Detailed Description

It should be noted that, in the case of no conflict, the embodiments and features in the embodiments may be combined with each other. The invention will be described in detail below with reference to the drawings in connection with embodiments.

In the present invention and embodiments of the present invention, the surface of each lens closest to the object is referred to as the object side surface, and the surface of each lens closest to the imaging surface is referred to as the image side surface. The optical portion (which may also be referred to as an "effective diameter portion" or "effective diameter portion") is an optically active portion of the lens, and may be configured in a concave or convex shape as desired to diverge or converge light rays. The non-optical part surrounds and is connected with the optical part and mainly used for placing and supporting the connected optical part. The active surface refers to the surface located on the optic portion.

In the present invention and the embodiments of the present invention, the first direction refers to the Y-axis direction in fig. 1 and 7, the second direction refers to the Z-axis direction in fig. 1 and 7, and the third direction refers to the X-axis direction in fig. 1 and 7.

Fig. 6 shows a schematic structural view of an optical lens 90 to be processed. As shown in fig. 6, for a circular optical lens, the effective surface of the optical lens 90 to be processed cannot be clamped, and there is an angle requirement when cutting the area 102 to be processed (i.e. processing the material handle), so how to provide a fixing device, which can ensure that the optical lens 90 to be processed can rotate a certain angle without clamping the effective surface of the optical lens 90 to be processed is a technical problem to be solved in the present day.

Specifically, as shown in fig. 6, the optical lens to be processed 90 includes an overflow 101, an optical portion 103 connected to the overflow 101, and a region to be processed 102 connected to the optical portion 103. The optical portion 103 has an effective surface.
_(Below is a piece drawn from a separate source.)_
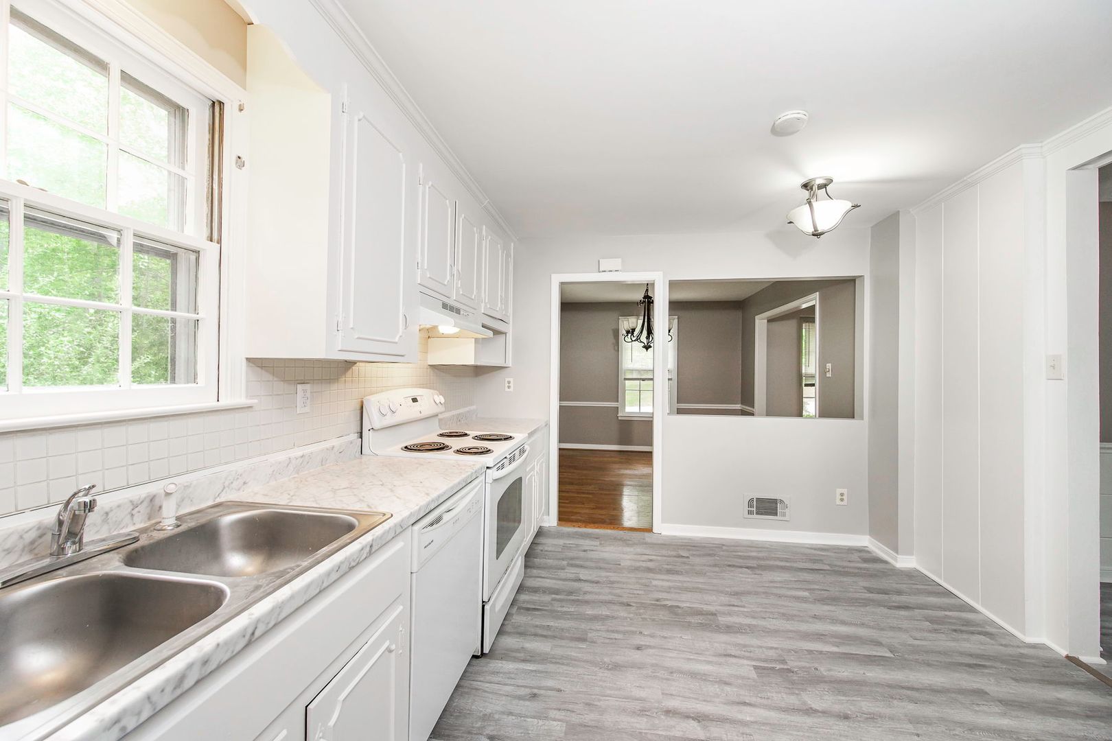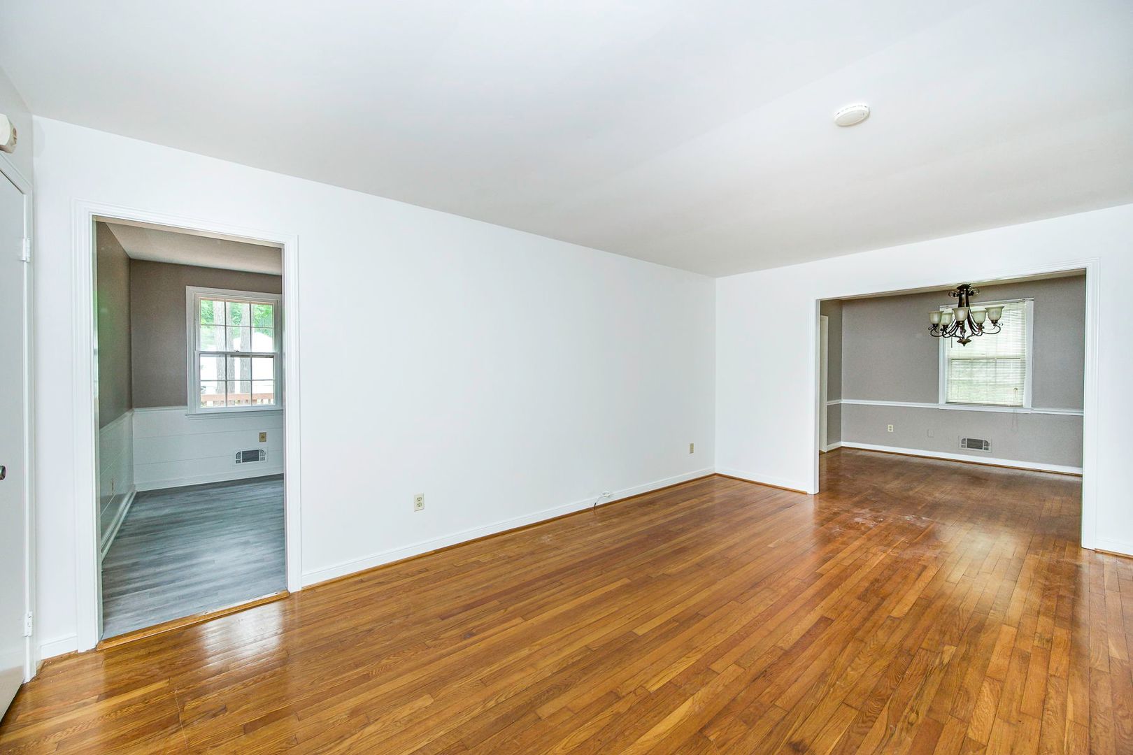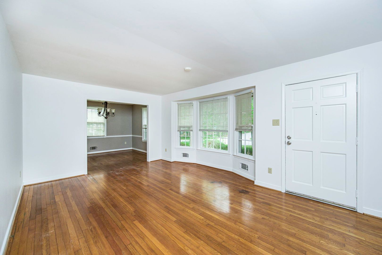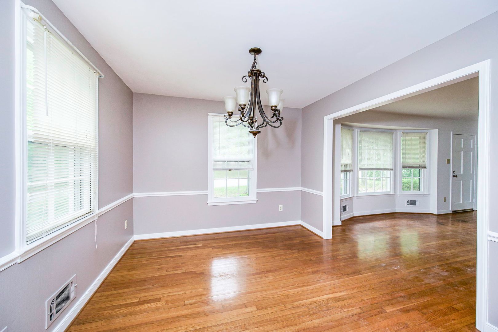 Step inside to find gleaming hardwood floors and an abundance of natural light flowing through large windows, including a bright bay window that creates a warm and inviting living area. The home features both a spacious living room and a separate dining room, complete with elegant chair rail molding and a stylish chandelier—perfect for everyday living and entertaining.

The overflow part 101 and the area to be processed 102 need to be milled and removed, the effective surface of the optical part 103 cannot be clamped up and down, and the overflow part 101 also plays an angle positioning role in fixing the lens.

In order to solve the above technical problems, as shown in fig. 1 to 5, the applicant of the present invention provides a fixing device 100. The fixing device 100 of this embodiment includes a base 10 and an adjusting mechanism 20. Wherein the base 10 has a receiving hole 13 and a carrying platform 40 positioned in the receiving hole 13. The adjusting mechanism 20 is slidably disposed in a first direction relative to the base 10, and the adjusting mechanism 20 is capable of rotating the optical lens 90 to be processed about a second direction, wherein an included angle is formed between the first direction and the second direction.

Through the above arrangement, the optical lens 90 to be processed is placed on the carrying platform 40, and the adjusting mechanism 20 is slidably disposed in the first direction relative to the base 10, so that the optical lens 90 to be processed can be driven to rotate around the second direction, and then the region 102 to be processed can be milled according to the designed angle requirement.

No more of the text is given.